インスリン注射による治療

BOT治療について

経口血糖降下薬はそのままで、注射は1日1回

初めての人でもインスリン療法を始めやすい方法として、今服用している経口血糖降下薬を続けながら「持効型(じこうがた)」と呼ばれる、効果が長く続くインスリンを1日1回だけ注射する方法(BOT)もあります。経口血糖降下薬と持効型インスリンの効果を合わせて血糖値を下げる方法です。血糖管理が不十分な2型糖尿病のある人では、食後の高血糖だけでなく空腹時の血糖値も上昇しています。このため、空腹時高血糖が1日の血糖の推移を押し上げ、食後の血糖値が上昇する原因となっています。

「持効型」インスリンを補充して、空腹時の高血糖を改善することで、全体の血糖の推移がだるま落としのように低下し、糖毒性※※が解除され、本来のすい臓の機能が回復してくると、食後高血糖の改善にもつながります。

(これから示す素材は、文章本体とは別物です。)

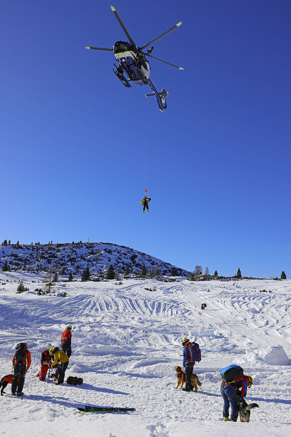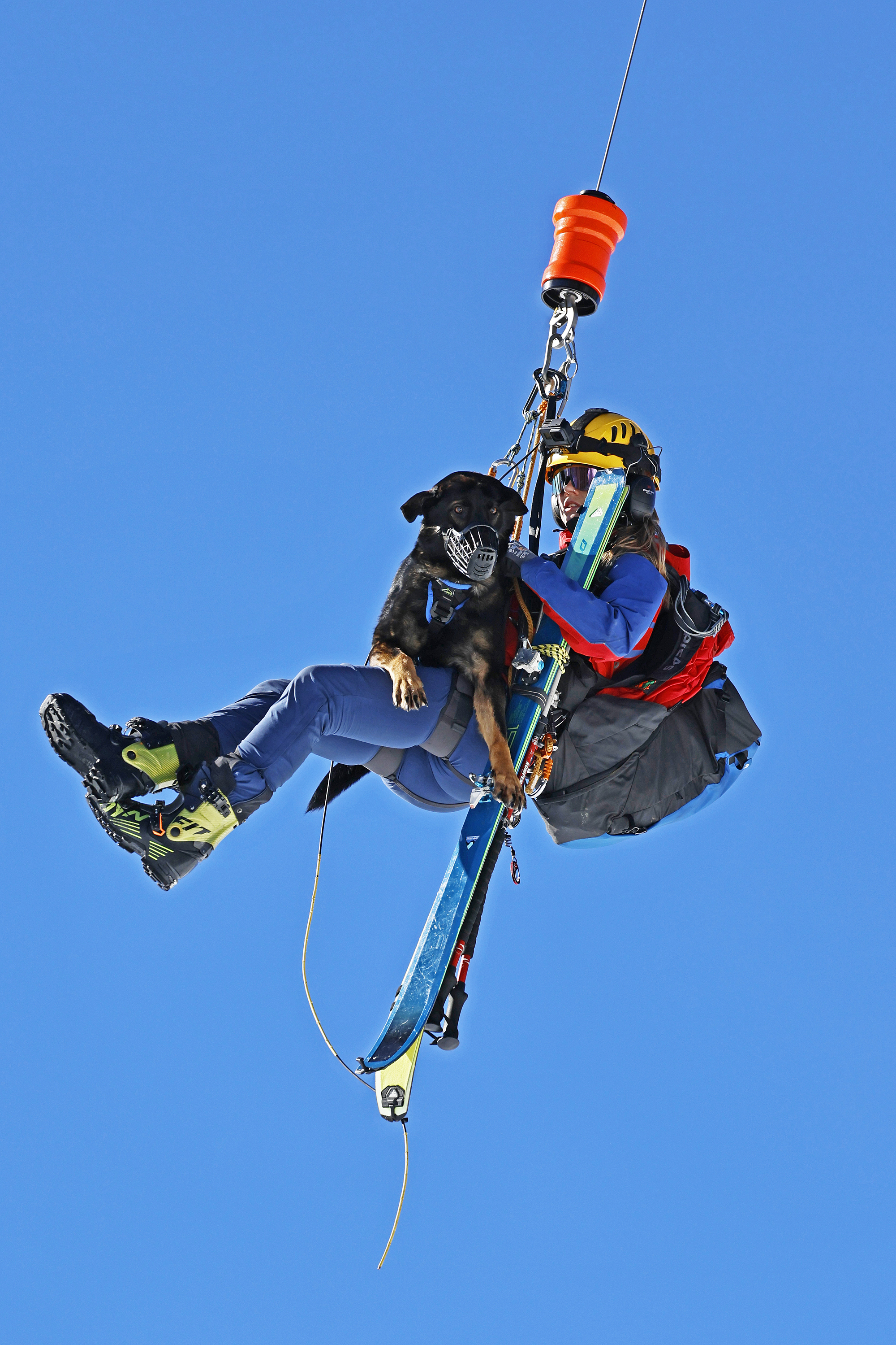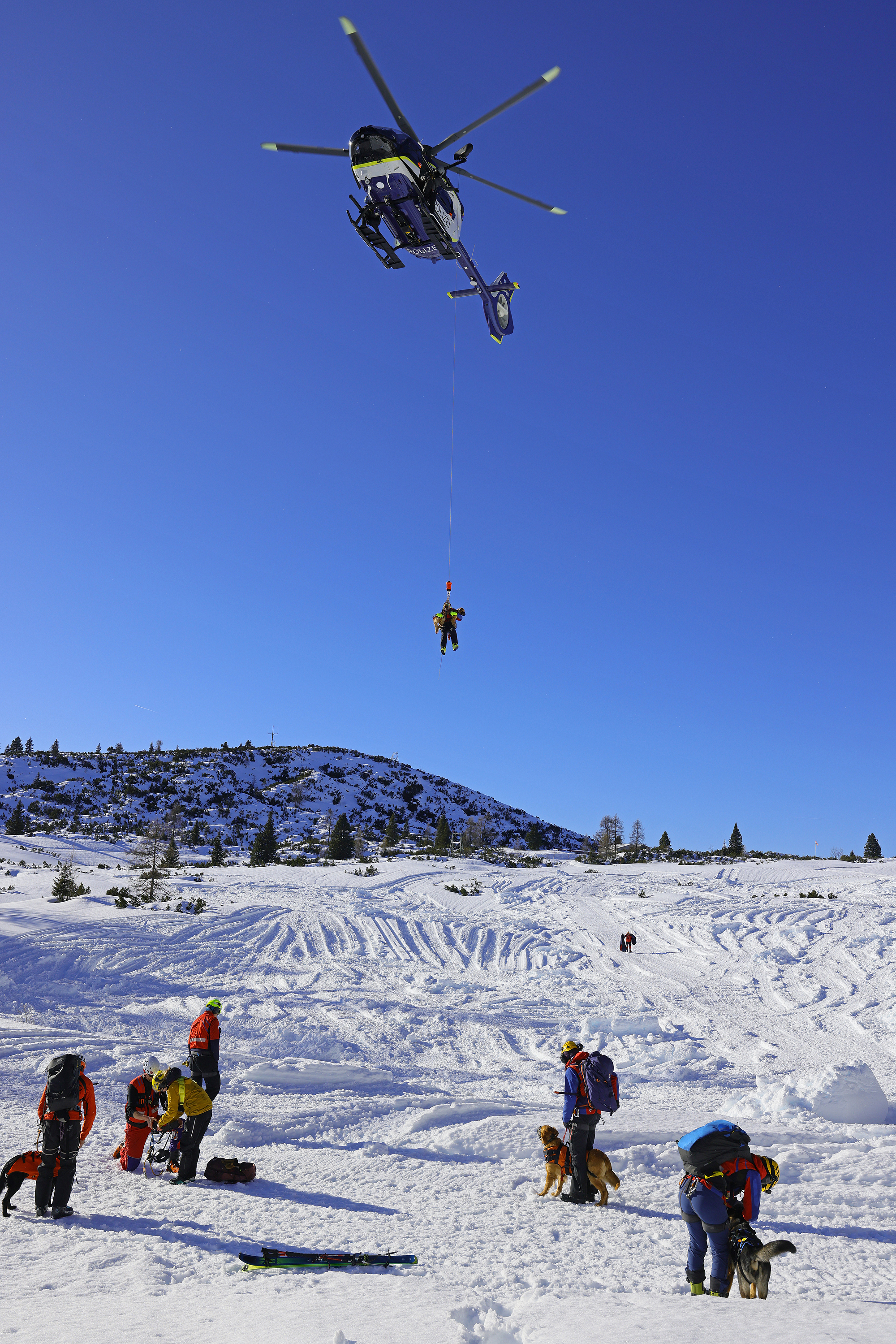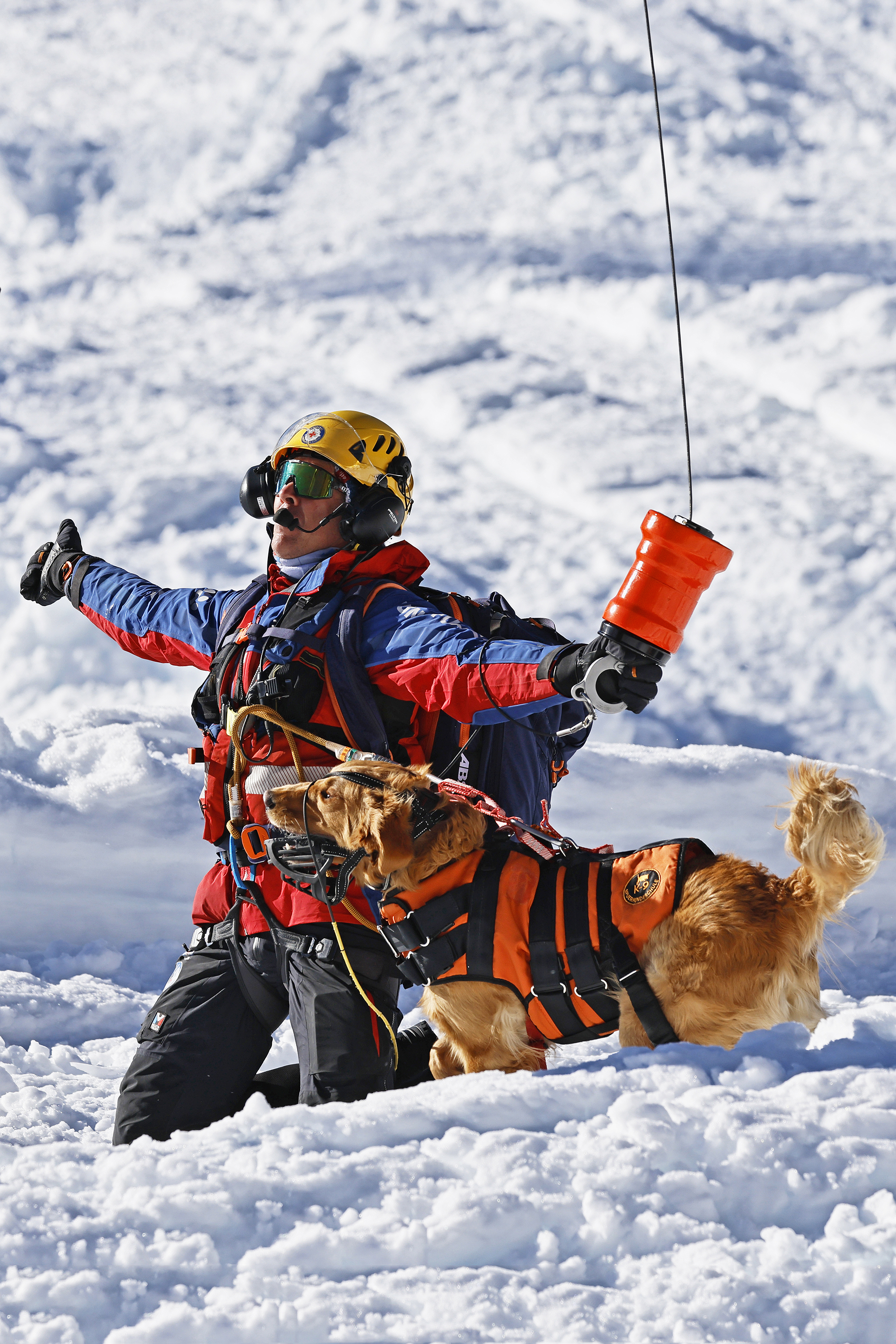 Die komplette Kommunikation zwischen Hundeführer und Heli-Besatzung erfolgt über auch aus größerer Entfernung eindeutig erkennbare Handzeichen. Unter dem Abwind des Hubschraubers wird der Schnee aufgewirbelt und die Sicht ist eingeschränkt; der im Fluggeschirr gesicherte Hund steht unter Adrenalin, springt unter Umständen herum und muss beruhigt werden. Trotzdem muss der Hundeführer genau darauf achten, wie er sich, den Vierbeiner, seine Ski und weitere Ausrüstung in den Windenhaken einhängt. Alles ist in Bewegung, und ganz schnell wickelt sich versehentlich eine Bandschlinge um den Hund, die bei Belastung auf den Weg nach oben in die Kabine womöglich die Kehle abschnüren oder den Schwanz brechen kann. Auf dem Weg in den Heli wird es eng: Der Winden-Operator steht bei offener Seitentüre auf der Kufe und braucht Platz, die Ski und der Hund müssen an ihm vorbei ins Innere gehoben und so gesichert werden, dass Herrchen, Rucksack und womöglich weitere Ausrüstung auch noch Platz haben.
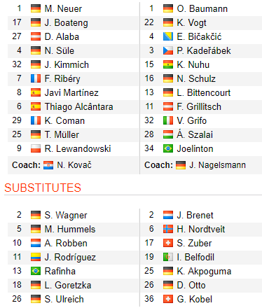 Bayern Munich (4-1-4-1): Neuer - Alaba, Hummels, Sule, Kimmich - Martinez - Ribery, Alcantara, Muller, Robben - Lewandowski.
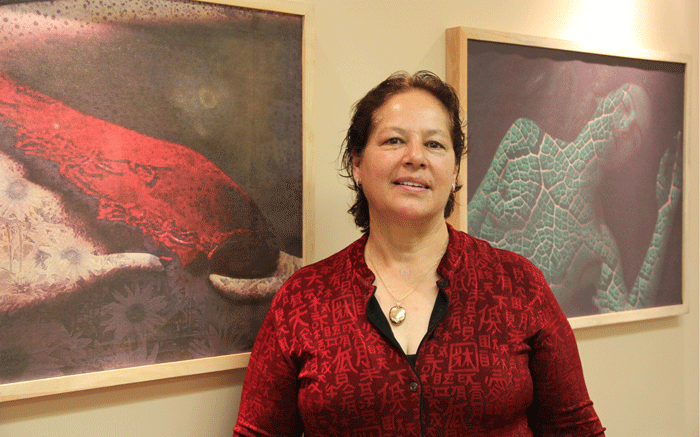 La artista plástica Iris Aburto inauguró el 7 de agosto en la Galería de la Dirección General del Área Académica de Artes de la Universidad Veracruzana (UV) su obra más reciente Homo-natura, se trata de 15 imágenes en las que la investigadora del Instituto de Artes Plásticas (IAP) de esta casa de estudios realizó una mezcla de diversas técnicas digitales y tradicionales para componerlas.
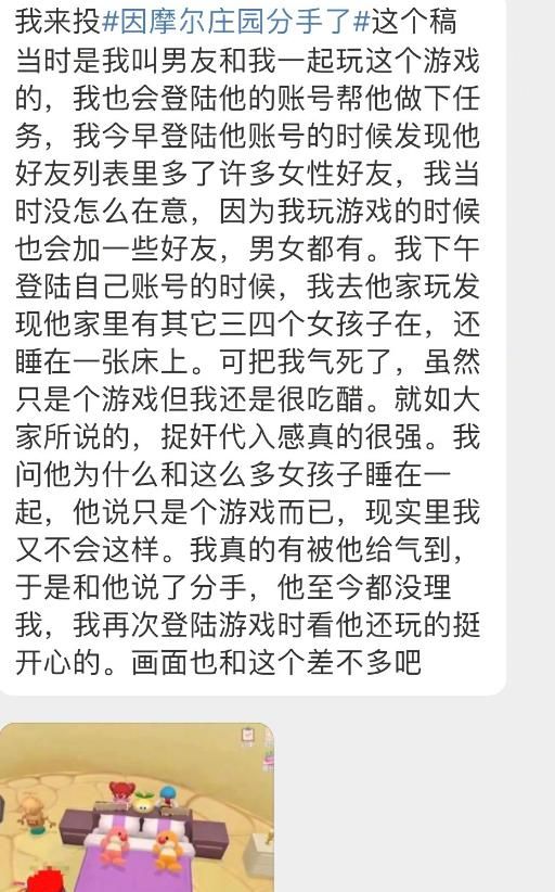 这个稿当时是我叫男友和我一起玩这个游戏的,我也会登陆他的账号帮他做下任务,我今早登陆他账号的时候发现他好友列表里多了许多女性好友,我当时没怎么在意,因为我玩游戏的时候也会加一些好友,男女都有。我下午登陆自己账号的时候,我去他家玩发现他家里有其它三四个女孩子在,还睡在一张床上。可把我气死了,虽然只是个游戏但我还是很吃醋。就如大家所说的,捉奸代入感真的很强。我问他为什么和这么多女孩子睡在一起,他说只是个游戏而已,现实里我又不会这样。我真的有被他给气到,于是和他说了分手,他至今都没理我,我再次登陆游戏时看他还玩的挺开心的。画面也和这个差不多吧,不过更离谱,睡了三四个。
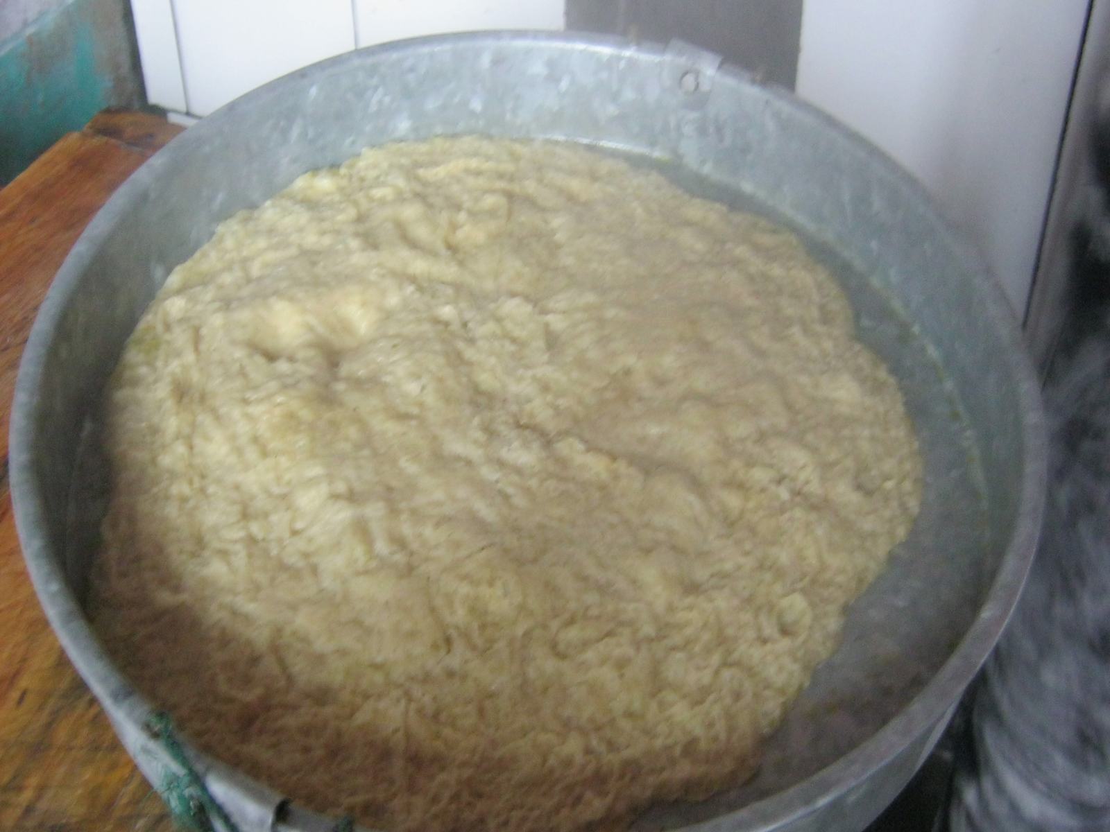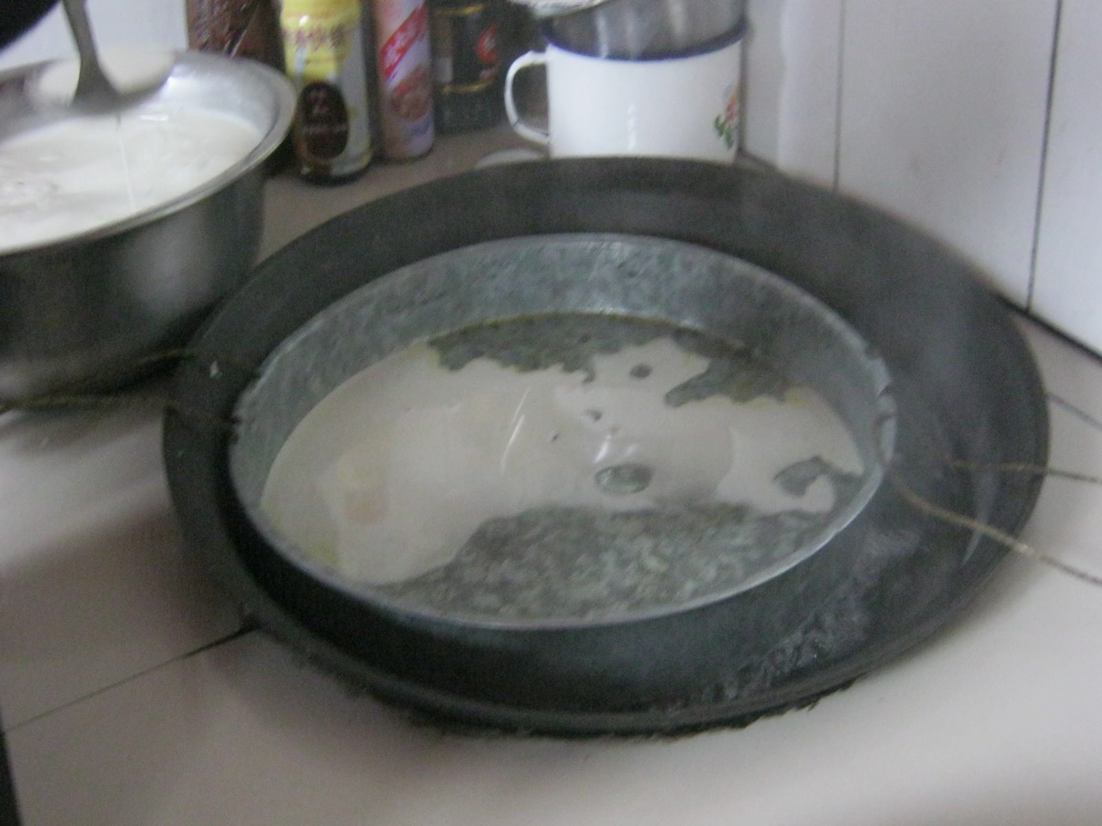 清水中的淀粉就是做酿皮的材料。妈妈准备好蒸酿皮的平底锣,放在大锅中。等水烧开后,拿一个勺子把桶中的淀粉舀一些放在锣中,然后再大火中蒸五分钟左右即可。不一会,一片冒着热气的酿皮就做好了。
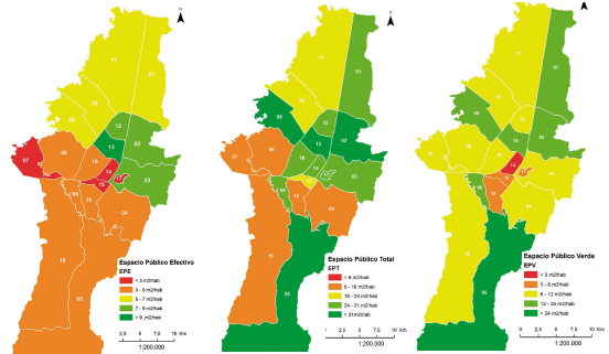 Al analizar las cifras mencionadas, junto con los mapas que describen las dotaciones del espacio público de la ciudad, y comparando todo ello con las cifras de pobreza, se encontraron datos interesantes en términos de desigualdad.
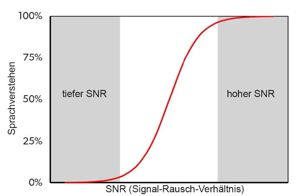 Das Diagramm zeigt eine ideale Leistungs-Intensitäts-Funktion, die verdeutlicht, dass der Zusammenhang zwischen SNR und Sprachverständnis nicht linear ist. Während SNR-Änderungen bei aussergewöhnlich niedrigen oder sehr hohen SNRs kaum Auswirkungen haben, könnte eine SNR-Änderung von 4 dB um den steilen Teil der Funktion theoretisch zu einer Verbesserung des Sprachverständnisses um 40-60 % führen.

※BOT:Basal Supported Oral Therapy
※※糖毒性:高血糖の状態によってインスリンの分泌が阻害されたり、インスリンの感受性が低下する状態

※イメージ図

日本でも広がっているBOT

これまでの基礎インスリンでは、作用時間が短くまた、ピークがあるため糖尿病のない人と同様な基礎分泌の再現が難しかったのですが、ほぼ24時間にわたり効果が持続し明らかなピークがない「持効型」インスリンの登場により、日本でも新しい治療法としてこのBOTが広がっています。